Nuestra opinión: aunque no todos los economistas coinciden en si un episodio de estanflación clásica es probable a corto plazo en la economía actual, entender el concepto ayuda a interpretar por qué, en ciertos periodos, ni las subidas ni las bajadas de tipos parecen «funcionar» del todo bien, y por qué los bancos centrales a veces parecen actuar con más cautela y ambigüedad de la que el público espera de ellos.
Fuentes y referencias
Para elaborar este artículo hemos contrastado la información con las siguientes fuentes oficiales. Puedes consultarlas directamente para verificar o ampliar los datos:
- Banco Central Europeo (BCE)
- Instituto Nacional de Estadística (INE)

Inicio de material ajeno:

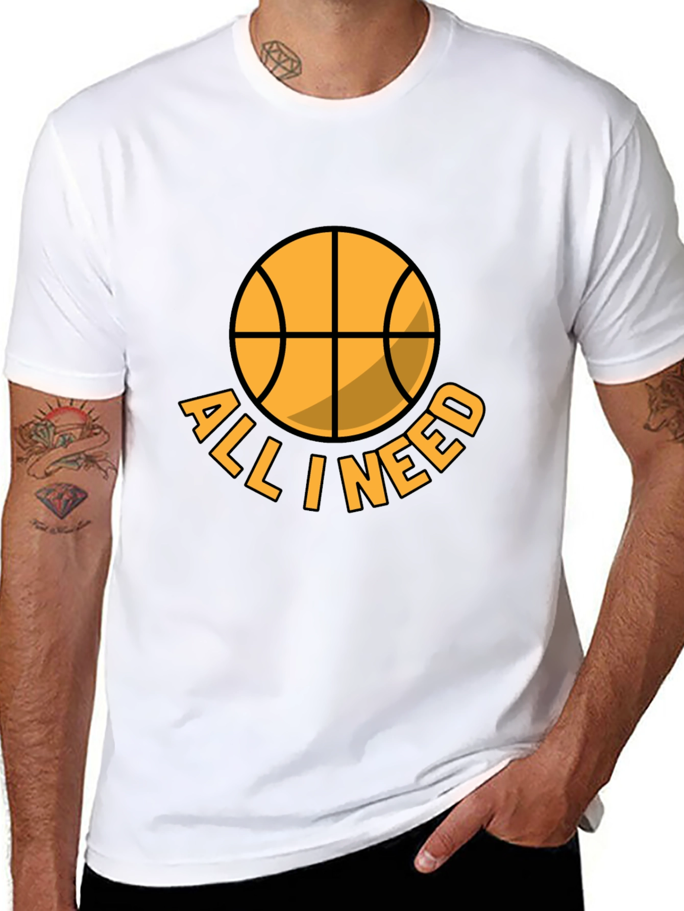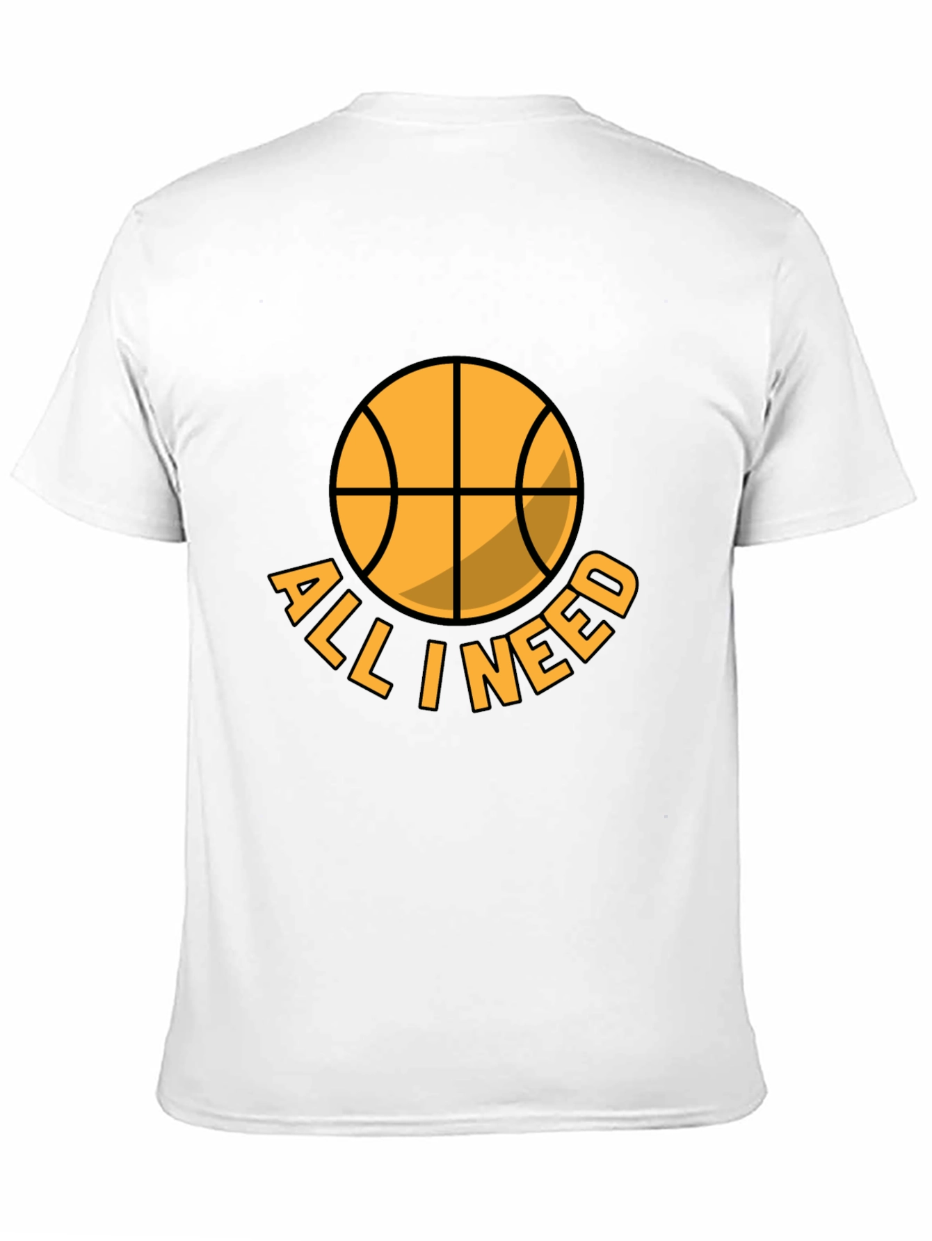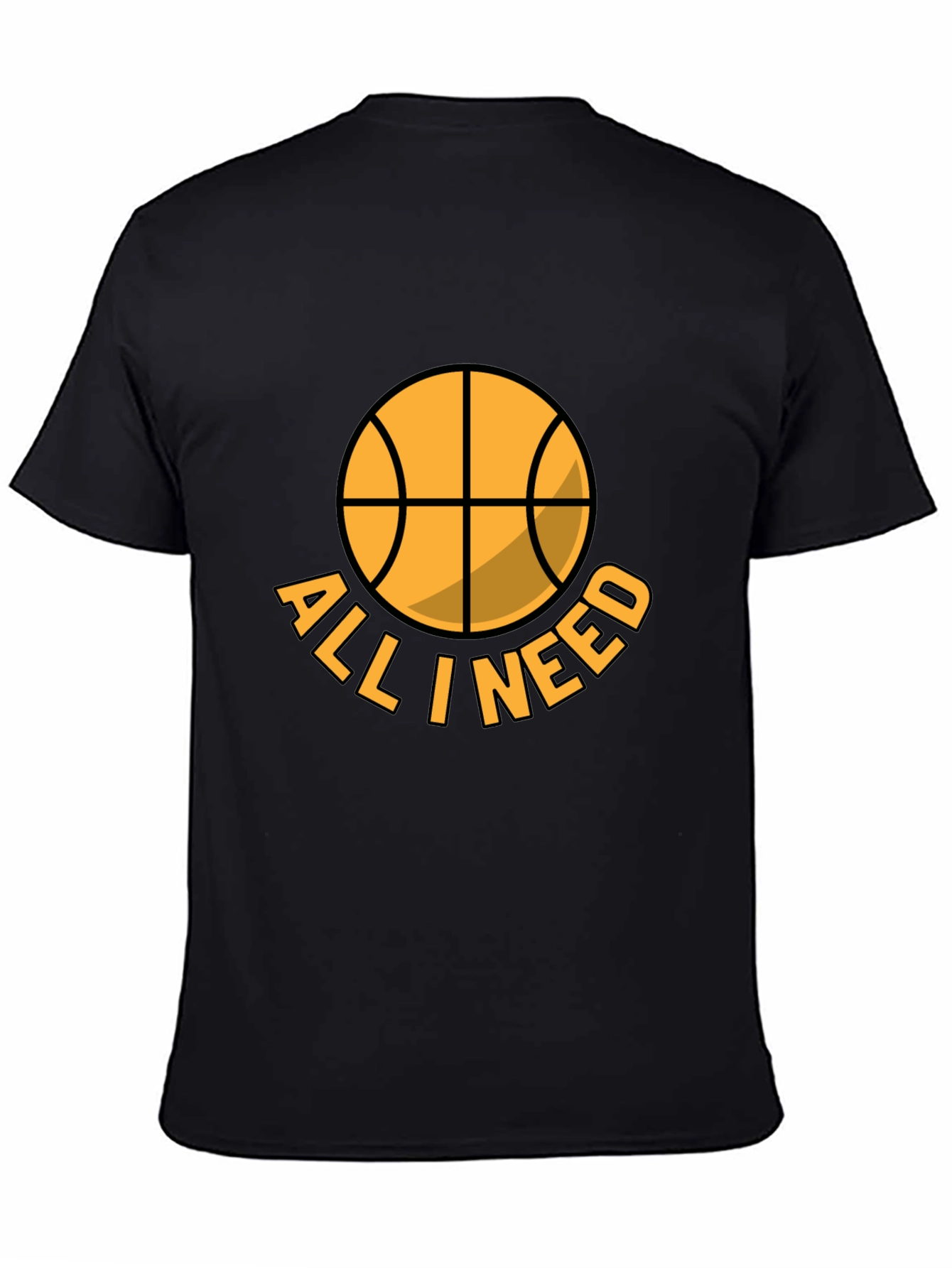 Show your love for basketball with this stylish graphic tee! This black t-shirt features a vibrant orange basketball graphic with the words "ALL I NEED" in a curved design. Made from a comfortable material, this tee is perfect for everyday wear. Whether you're hitting the court or hanging out with friends, this basketball tee is sure to make a statement. It's a great gift for basketball players and fans alike. Get yours today and show your passion for the game!

- Comisión Nacional del Mercado de Valores (CNMV)
Preguntas frecuentes
¿Estamos actualmente en un periodo de estanflación? La clasificación de un periodo concreto como estanflación requiere que se cumplan simultáneamente ambas condiciones (inflación elevada y estancamiento o contracción económica significativa) de forma sostenida, no solo puntual; conviene revisar los datos actualizados de inflación y crecimiento económico para valorar si esta clasificación se aplica realmente al momento presente, en lugar de asumirlo simplemente por la existencia de cierta inflación o debilidad económica puntual y aislada.
¿Qué activos han funcionado mejor históricamente durante episodios de estanflación? Los activos reales, como determinadas materias primas y, en algunos periodos, los bienes inmuebles, han mostrado históricamente un comportamiento relativamente mejor durante episodios de estanflación que los activos de renta fija tradicional, aunque ningún activo ofrece una protección perfecta y consistente en todos los episodios históricos de este tipo.